Writing in November 2019, Gideon Levy and Alex Levac noted: "The land is owned by Palestinians, with documents to prove it – but is now the site of a Jewish winery."[..] "This is the estate of Yaakov Berg, CEO of the Psagot winery, in the central West Bank. Berg’s house stands on section 233 of bloc No. 17. This property belongs to two sisters, Amal and Keinat Quran and their cousin, Karima – but they don’t have any access to it. The grapes are planted on sections 219-220, which is owned by Huria Quran, another relative.
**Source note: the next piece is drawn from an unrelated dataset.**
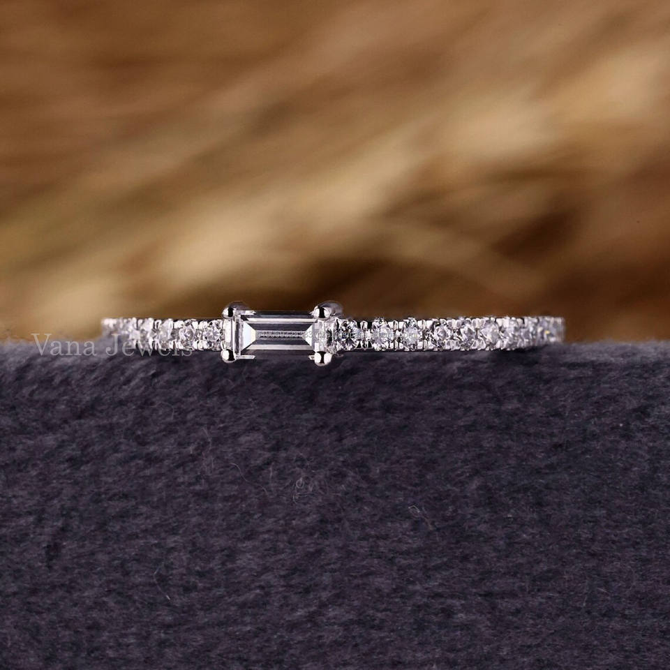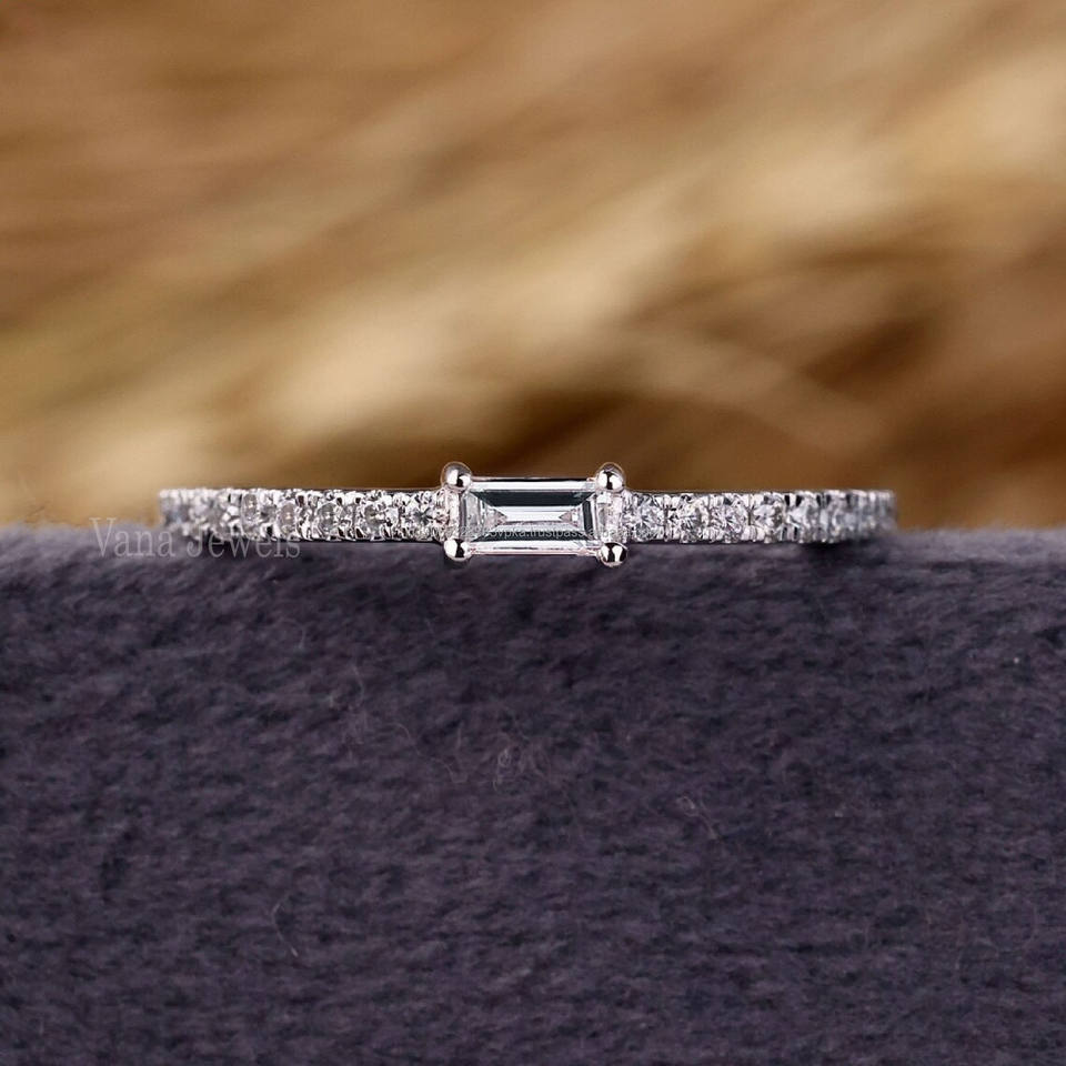 Baguette Diamond Wedding Band Dainty White Gold Eternity Ring Lab Grown Pave Set Dainty Promise Ring for Her IGI Parties

That petite, elderly woman is also unable to get to her property."

In November 2020, US Secretary of State Mike Pompeo became the first top US official to visit an Israeli settlement including the Psagot Winery.

===EU legal proceedings===
The company initiated legal proceedings in Europe to try to reverse regulations requiring settlement produce to be labelled. On 12 November 2019 the Court of Justice of the European Union in a ruling covering all territory Israel captured in the 1967 war decided that labels on foodstuffs must not imply that goods produced in occupied territory came from Israel itself and must "prevent consumers from being misled as to the fact that the State of Israel is present in the territories concerned as an occupying power and not as a sovereign entity". In its ruling, the court said that failing to inform EU consumers they were potentially buying goods produced in settlements denies them access to "ethical considerations and considerations relating to the observance of international law".

===Canadian legal proceedings===
The Winnipeg Jewish university instructor David Kattenburg won a similar judgement in a Canadian court against the fraudulent branding of settlement wines for export, naming the Psagot products on sale in his country. In May 2021, the Federal Court of Appeal dismissed a government appeal and ordered CFIA to explain its decision. Kattenburg submitted information to CFIA in September 2021 showing that the Psagot Winery was situated entirely on Palestinian property. In May 13, 2022, the CFIA reaffirmed its original decision.